Association of rs2237897 with AIR and ACPR during arginine stimulation tests in a subgroup of type 2 diabetic patients (CC n = 203, CT n = 173 and TT n = 26; genotyping was unsuccessful for 64 cases). Insulin (a) and C-peptide (b) levels before and after arginine stimulation among CC (circles), CT (diamonds) and TT (triangles) genotypes. Arginine was injected up to time 0. c Association between rs2237897 and AIR (88.45 ± 6.29 vs 109.15 ± 11.43 vs 106.26 ± 15.27 pmol/l, respectively, p = 0.0471). d Association between rs2237897 and ACPR (0.46 ± 0.03 vs 0.56 ± 0.05 vs 0.77 ± 0.18 nmol/l, respectively, p = 0.0156).
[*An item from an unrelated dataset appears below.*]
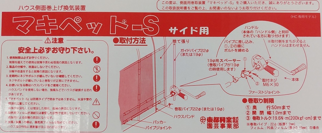 パイプハウス腰ビニール巻上げ機。50mまでのフィルムを巻き上げます。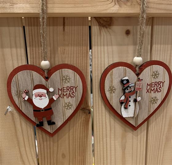 Wooden Hanging Merry Christmas - Snowman (Heart)

Data are shown as means ± SEM

Discussion

KCNQ1 encodes a protein for a voltage-gated K+ channel that is required for the repolarisation phase of the cardiac action potential. Previous studies reported that KCNQ1 mutations were associated with long QT syndrome [8] and familial atrial fibrillation [9]. GWA scans have recently linked KCNQ1 to susceptibility to type 2 diabetes in a Japanese population [2, 3]. In the present study, we replicated the finding that four KCNQ1 SNPs are associated with susceptibility to type 2 diabetes. The molecular mechanism responsible for the link between KCNQ1 and the pathogenesis of type 2 diabetes has not been elucidated. However, functional investigations of KCNQ1 revealed that it is produced in pancreatic islets and that selective blockade of this K+ channel stimulates insulin secretion [10]. Furthermore, clinical trait association analysis showed that baseline insulin secretion is impaired in KCNQ1 risk allele carriers [2]. In this study, we failed to replicate the association between HOMA-B and the KCNQ1 SNPs, possibly as a result of the low power of our study to detect this quantitative trait. Based on the mean ± SD value for HOMA-B (129.40 ± 125.41) as well as the minor allele frequencies (∼0.35) in our controls, we only have 45% power to replicate the reported effect size of KCNQ1 SNPs on HOMA-B. Nevertheless, we found that the KCNQ1 SNPs were associated with both the first and second phases of insulin secretion in the controls and with AIR and ACPR in the type 2 diabetic patients after arginine infusion. Although association signals were detected for different SNPs, together these findings suggest that KCNQ1 SNPs probably contribute to diabetes susceptibility by impairing beta cell function. However, the causal variant(s) in this gene region is still unknown, and the reported associated SNPs may be just genetic markers in linkage disequilibrium with the causal variant(s). This may also partly explain why association signals for clinical traits were observed for different SNPs. We also observed an association between rs2237895 and HOMA-IR in the controls, but we found no other evidence that KCNQ1 was associated with insulin sensitivity. Whether this finding is a real signal rather than a false-positive remains unknown and needs to be replicated in other cohorts.

In summary, the present study reported that KCNQ1 was associated with type 2 diabetes susceptibility in a Chinese population, possibly through its effect on beta cell function. Further effort on deep re-sequencing in KCNQ1 gene is needed to identify the causal variant(s) and reveal the molecular mechanism under the association.